ASSIGNMENT
Please return all of the data exactly as written.

[Recorded data]

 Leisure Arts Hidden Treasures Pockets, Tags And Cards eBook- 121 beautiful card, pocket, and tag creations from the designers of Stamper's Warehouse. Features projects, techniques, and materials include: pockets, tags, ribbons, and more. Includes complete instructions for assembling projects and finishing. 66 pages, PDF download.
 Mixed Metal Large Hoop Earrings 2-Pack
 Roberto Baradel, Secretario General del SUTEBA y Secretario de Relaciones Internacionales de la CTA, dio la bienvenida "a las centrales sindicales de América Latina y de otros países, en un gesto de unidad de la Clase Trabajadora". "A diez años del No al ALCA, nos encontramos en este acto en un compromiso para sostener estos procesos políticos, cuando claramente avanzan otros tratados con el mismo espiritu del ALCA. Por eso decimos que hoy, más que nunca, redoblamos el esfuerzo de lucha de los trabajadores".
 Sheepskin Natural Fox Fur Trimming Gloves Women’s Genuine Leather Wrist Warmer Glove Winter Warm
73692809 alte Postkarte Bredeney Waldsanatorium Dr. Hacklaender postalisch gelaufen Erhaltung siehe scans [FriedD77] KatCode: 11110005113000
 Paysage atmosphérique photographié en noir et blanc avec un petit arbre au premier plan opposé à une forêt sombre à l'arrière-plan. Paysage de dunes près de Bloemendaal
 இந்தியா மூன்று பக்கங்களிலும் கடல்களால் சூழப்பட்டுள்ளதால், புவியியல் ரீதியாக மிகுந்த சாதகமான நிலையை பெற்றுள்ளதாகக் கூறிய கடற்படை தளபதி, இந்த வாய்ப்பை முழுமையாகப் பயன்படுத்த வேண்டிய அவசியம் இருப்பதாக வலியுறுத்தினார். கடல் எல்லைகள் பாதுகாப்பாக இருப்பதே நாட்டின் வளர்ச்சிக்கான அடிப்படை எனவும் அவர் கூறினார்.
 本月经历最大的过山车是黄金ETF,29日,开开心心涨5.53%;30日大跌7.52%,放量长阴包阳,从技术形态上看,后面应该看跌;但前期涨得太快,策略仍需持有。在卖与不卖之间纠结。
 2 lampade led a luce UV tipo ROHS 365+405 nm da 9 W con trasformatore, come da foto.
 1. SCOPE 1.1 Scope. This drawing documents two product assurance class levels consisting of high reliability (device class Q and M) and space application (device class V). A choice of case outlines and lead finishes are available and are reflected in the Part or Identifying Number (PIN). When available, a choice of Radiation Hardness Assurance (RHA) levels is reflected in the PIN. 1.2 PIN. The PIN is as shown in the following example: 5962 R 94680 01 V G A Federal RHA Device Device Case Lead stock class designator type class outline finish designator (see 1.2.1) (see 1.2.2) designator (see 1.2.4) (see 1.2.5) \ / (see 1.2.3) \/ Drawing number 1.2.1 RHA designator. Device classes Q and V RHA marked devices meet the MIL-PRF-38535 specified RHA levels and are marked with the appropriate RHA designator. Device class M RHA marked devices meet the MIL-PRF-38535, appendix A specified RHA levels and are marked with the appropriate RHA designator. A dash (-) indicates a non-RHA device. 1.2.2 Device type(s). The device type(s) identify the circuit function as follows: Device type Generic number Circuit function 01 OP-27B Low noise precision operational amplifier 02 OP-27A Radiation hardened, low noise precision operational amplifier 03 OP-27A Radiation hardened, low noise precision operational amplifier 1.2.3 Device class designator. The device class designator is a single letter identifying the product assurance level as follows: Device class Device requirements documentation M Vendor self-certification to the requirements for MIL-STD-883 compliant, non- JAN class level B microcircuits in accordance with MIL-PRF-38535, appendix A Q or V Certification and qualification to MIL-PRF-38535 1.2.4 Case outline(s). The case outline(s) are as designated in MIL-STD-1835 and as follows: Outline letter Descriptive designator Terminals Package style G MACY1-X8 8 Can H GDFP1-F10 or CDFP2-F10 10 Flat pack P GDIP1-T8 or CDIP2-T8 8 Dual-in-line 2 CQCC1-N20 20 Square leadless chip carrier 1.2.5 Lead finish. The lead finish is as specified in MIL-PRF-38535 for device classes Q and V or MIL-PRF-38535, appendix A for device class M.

ANSWER AREA
 Leisure Arts Hidden Treasures Pockets, Tags And Cards eBook- 121 beautiful card, pocket, and tag creations from the designers of Stamper's Warehouse. Features projects, techniques, and materials include: pockets, tags, ribbons, and more. Includes complete instructions for assembling projects and finishing. 66 pages, PDF download.
 Mixed Metal Large Hoop Earrings 2-Pack
 Roberto Baradel, Secretario General del SUTEBA y Secretario de Relaciones Internacionales de la CTA, dio la bienvenida "a las centrales sindicales de América Latina y de otros países, en un gesto de unidad de la Clase Trabajadora". "A diez años del No al ALCA, nos encontramos en este acto en un compromiso para sostener estos procesos políticos, cuando claramente avanzan otros tratados con el mismo espiritu del ALCA. Por eso decimos que hoy, más que nunca, redoblamos el esfuerzo de lucha de los trabajadores".
 Sheepskin Natural Fox Fur Trimming Gloves Women’s Genuine Leather Wrist Warmer Glove Winter Warm
73692809 alte Postkarte Bredeney Waldsanatorium Dr. Hacklaender postalisch gelaufen Erhaltung siehe scans [FriedD77] KatCode: 11110005113000
 Paysage atmosphérique photographié en noir et blanc avec un petit arbre au premier plan opposé à une forêt sombre à l'arrière-plan. Paysage de dunes près de Bloemendaal
 இந்தியா மூன்று பக்கங்களிலும் கடல்களால் சூழப்பட்டுள்ளதால், புவியியல் ரீதியாக மிகுந்த சாதகமான நிலையை பெற்றுள்ளதாகக் கூறிய கடற்படை தளபதி, இந்த வாய்ப்பை முழுமையாகப் பயன்படுத்த வேண்டிய அவசியம் இருப்பதாக வலியுறுத்தினார். கடல் எல்லைகள் பாதுகாப்பாக இருப்பதே நாட்டின் வளர்ச்சிக்கான அடிப்படை எனவும் அவர் கூறினார்.
 本月经历最大的过山车是黄金ETF,29日,开开心心涨5.53%;30日大跌7.52%,放量长阴包阳,从技术形态上看,后面应该看跌;但前期涨得太快,策略仍需持有。在卖与不卖之间纠结。
 2 lampade led a luce UV tipo ROHS 365+405 nm da 9 W con trasformatore, come da foto.
 1. SCOPE 1.1 Scope. This drawing documents two product assurance class levels consisting of high reliability (device class Q and M) and space application (device class V). A choice of case outlines and lead finishes are available and are reflected in the Part or Identifying Number (PIN). When available, a choice of Radiation Hardness Assurance (RHA) levels is reflected in the PIN. 1.2 PIN. The PIN is as shown in the following example: 5962 R 94680 01 V G A Federal RHA Device Device Case Lead stock class designator type class outline finish designator (see 1.2.1) (see 1.2.2) designator (see 1.2.4) (see 1.2.5) \ / (see 1.2.3) \/ Drawing number 1.2.1 RHA designator. Device classes Q and V RHA marked devices meet the MIL-PRF-38535 specified RHA levels and are marked with the appropriate RHA designator. Device class M RHA marked devices meet the MIL-PRF-38535, appendix A specified RHA levels and are marked with the appropriate RHA designator. A dash (-) indicates a non-RHA device. 1.2.2 Device type(s). The device type(s) identify the circuit function as follows: Device type Generic number Circuit function 01 OP-27B Low noise precision operational amplifier 02 OP-27A Radiation hardened, low noise precision operational amplifier 03 OP-27A Radiation hardened, low noise precision operational amplifier 1.2.3 Device class designator. The device class designator is a single letter identifying the product assurance level as follows: Device class Device requirements documentation M Vendor self-certification to the requirements for MIL-STD-883 compliant, non- JAN class level B microcircuits in accordance with MIL-PRF-38535, appendix A Q or V Certification and qualification to MIL-PRF-38535 1.2.4 Case outline(s). The case outline(s) are as designated in MIL-STD-1835 and as follows: Outline letter Descriptive designator Terminals Package style G MACY1-X8 8 Can H GDFP1-F10 or CDFP2-F10 10 Flat pack P GDIP1-T8 or CDIP2-T8 8 Dual-in-line 2 CQCC1-N20 20 Square leadless chip carrier 1.2.5 Lead finish. The lead finish is as specified in MIL-PRF-38535 for device classes Q and V or MIL-PRF-38535, appendix A for device class M.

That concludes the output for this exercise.